*Instructions to follow*:
Write out the data that follows exactly, keeping every picture out.

*Recorded information*:
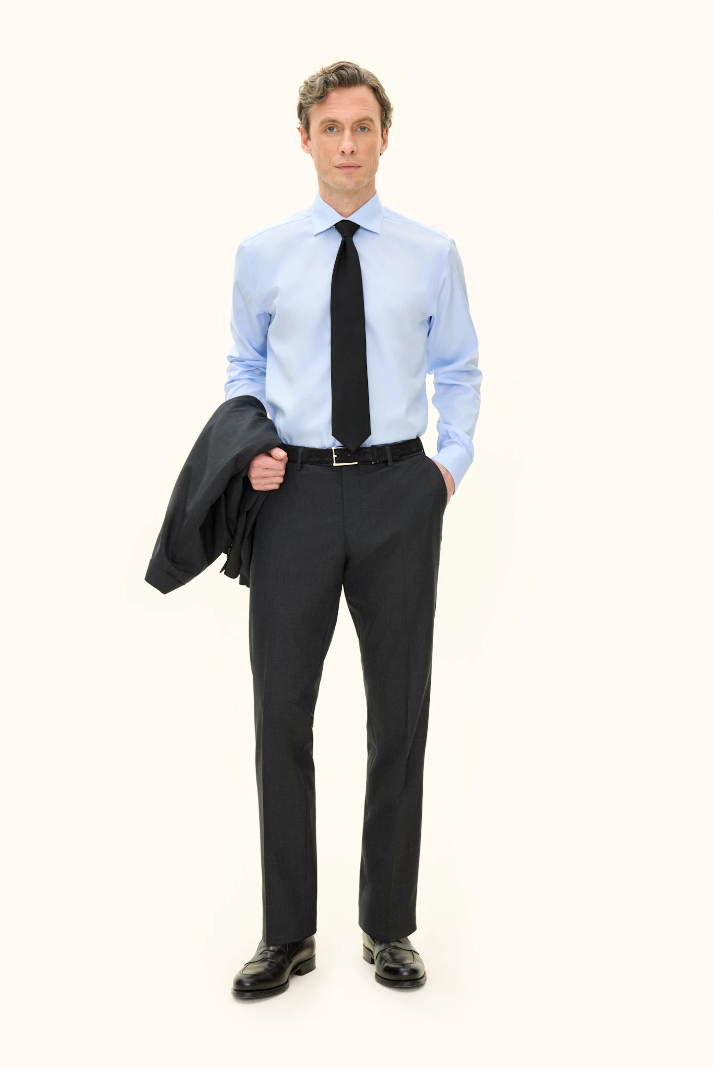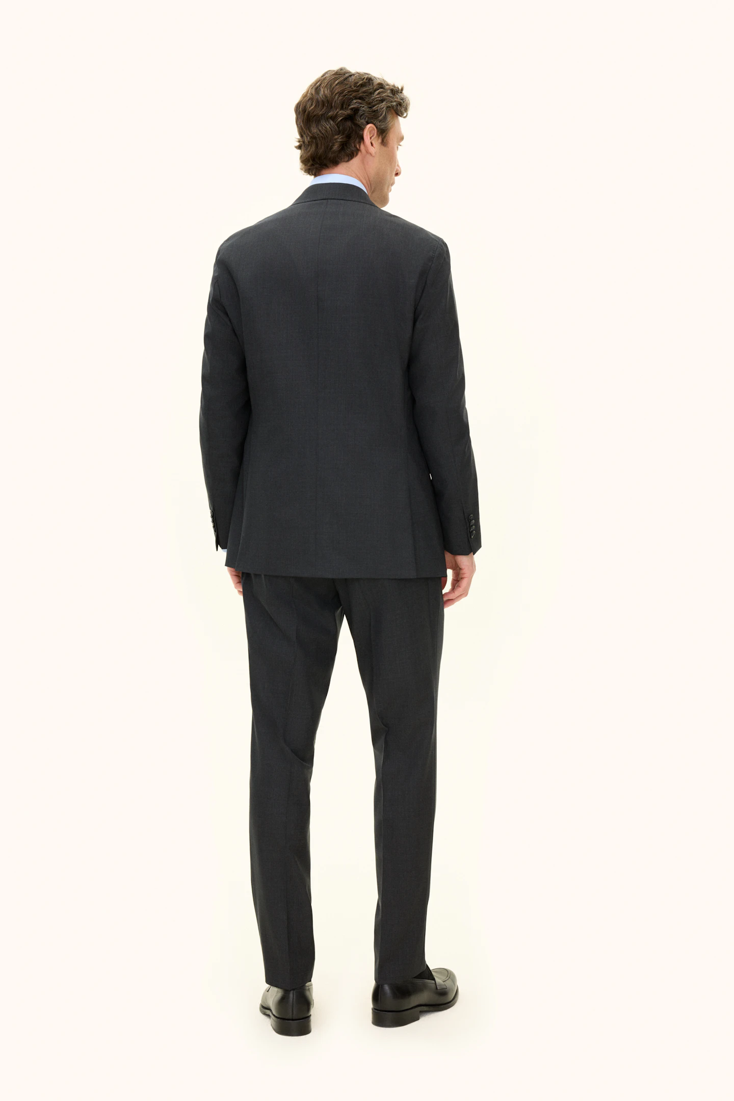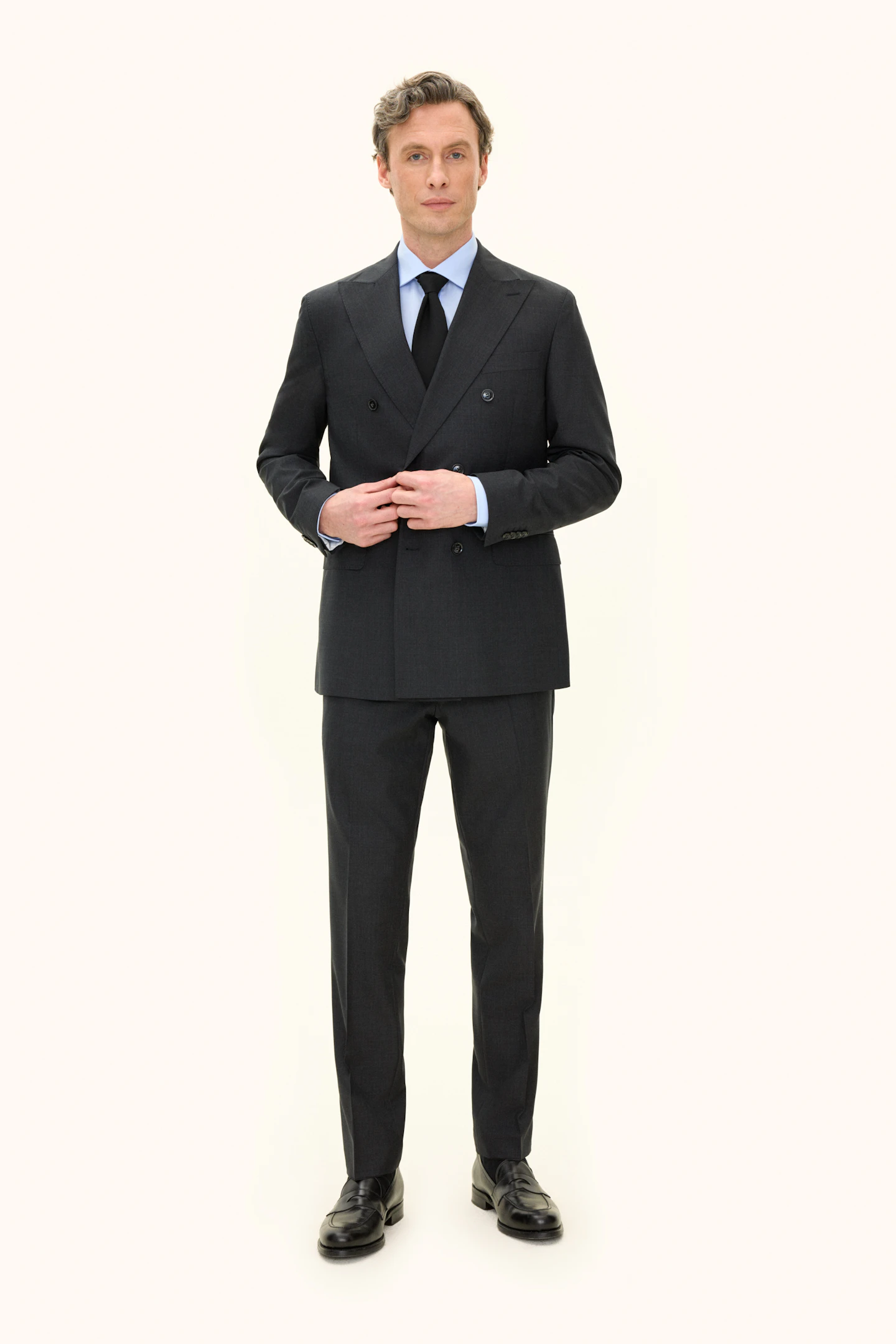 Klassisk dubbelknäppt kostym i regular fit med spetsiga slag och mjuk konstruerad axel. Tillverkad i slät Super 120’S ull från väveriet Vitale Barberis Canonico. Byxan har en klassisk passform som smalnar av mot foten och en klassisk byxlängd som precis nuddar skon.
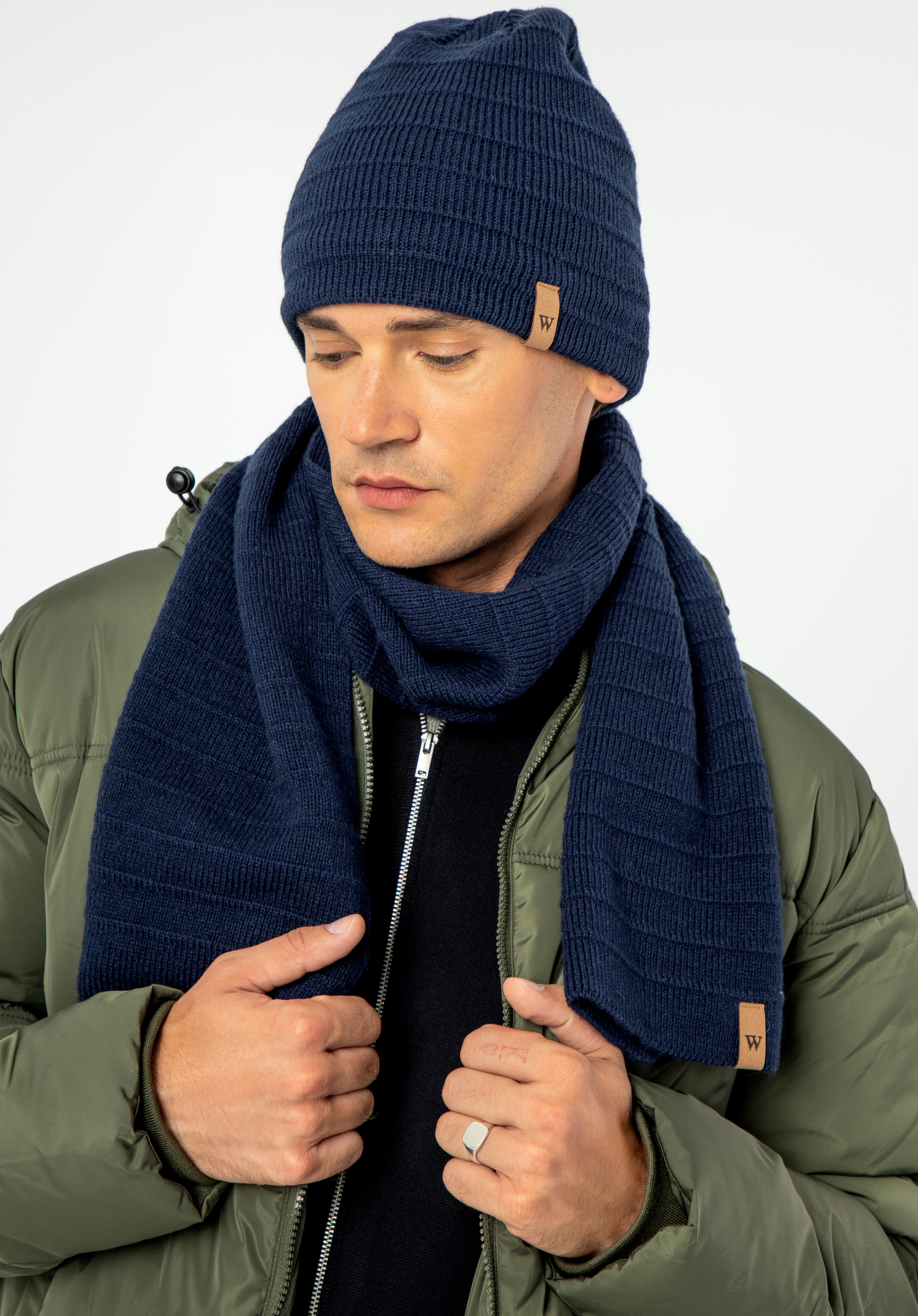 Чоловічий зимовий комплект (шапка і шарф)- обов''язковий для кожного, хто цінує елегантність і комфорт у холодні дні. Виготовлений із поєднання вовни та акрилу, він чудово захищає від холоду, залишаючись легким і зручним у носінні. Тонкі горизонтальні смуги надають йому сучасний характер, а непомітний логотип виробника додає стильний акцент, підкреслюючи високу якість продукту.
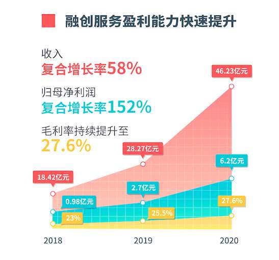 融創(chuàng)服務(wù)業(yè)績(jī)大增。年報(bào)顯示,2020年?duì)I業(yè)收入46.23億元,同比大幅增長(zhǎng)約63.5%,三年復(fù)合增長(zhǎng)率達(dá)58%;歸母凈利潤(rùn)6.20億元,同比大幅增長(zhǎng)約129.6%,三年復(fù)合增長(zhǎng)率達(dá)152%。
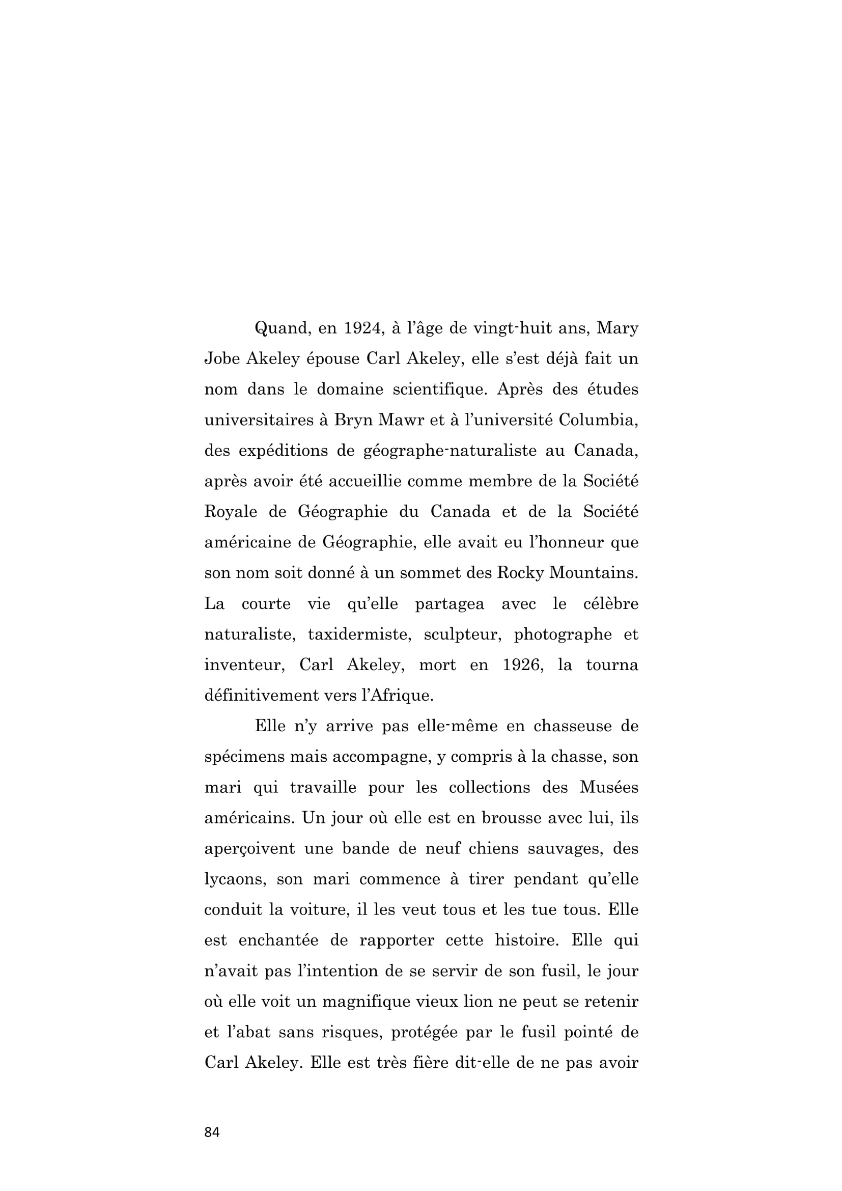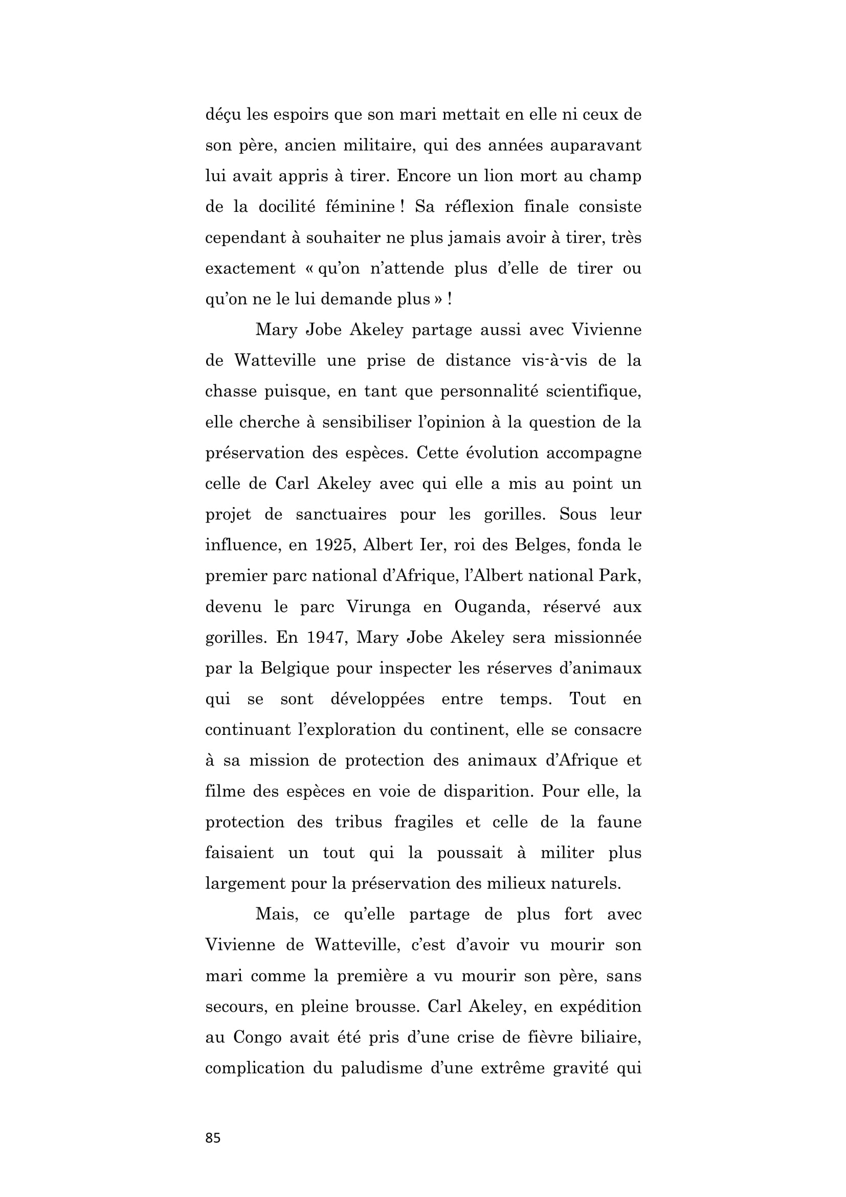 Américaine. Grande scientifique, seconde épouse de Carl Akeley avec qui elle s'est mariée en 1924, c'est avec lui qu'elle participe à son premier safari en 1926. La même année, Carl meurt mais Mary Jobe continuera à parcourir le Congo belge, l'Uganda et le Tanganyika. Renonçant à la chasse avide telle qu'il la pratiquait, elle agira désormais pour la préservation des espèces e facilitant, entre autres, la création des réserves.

*Answer for the task*:
 Klassisk dubbelknäppt kostym i regular fit med spetsiga slag och mjuk konstruerad axel. Tillverkad i slät Super 120’S ull från väveriet Vitale Barberis Canonico. Byxan har en klassisk passform som smalnar av mot foten och en klassisk byxlängd som precis nuddar skon.
 Чоловічий зимовий комплект (шапка і шарф)- обов''язковий для кожного, хто цінує елегантність і комфорт у холодні дні. Виготовлений із поєднання вовни та акрилу, він чудово захищає від холоду, залишаючись легким і зручним у носінні. Тонкі горизонтальні смуги надають йому сучасний характер, а непомітний логотип виробника додає стильний акцент, підкреслюючи високу якість продукту.
 融創(chuàng)服務(wù)業(yè)績(jī)大增。年報(bào)顯示,2020年?duì)I業(yè)收入46.23億元,同比大幅增長(zhǎng)約63.5%,三年復(fù)合增長(zhǎng)率達(dá)58%;歸母凈利潤(rùn)6.20億元,同比大幅增長(zhǎng)約129.6%,三年復(fù)合增長(zhǎng)率達(dá)152%。
 Américaine. Grande scientifique, seconde épouse de Carl Akeley avec qui elle s'est mariée en 1924, c'est avec lui qu'elle participe à son premier safari en 1926. La même année, Carl meurt mais Mary Jobe continuera à parcourir le Congo belge, l'Uganda et le Tanganyika. Renonçant à la chasse avide telle qu'il la pratiquait, elle agira désormais pour la préservation des espèces e facilitant, entre autres, la création des réserves.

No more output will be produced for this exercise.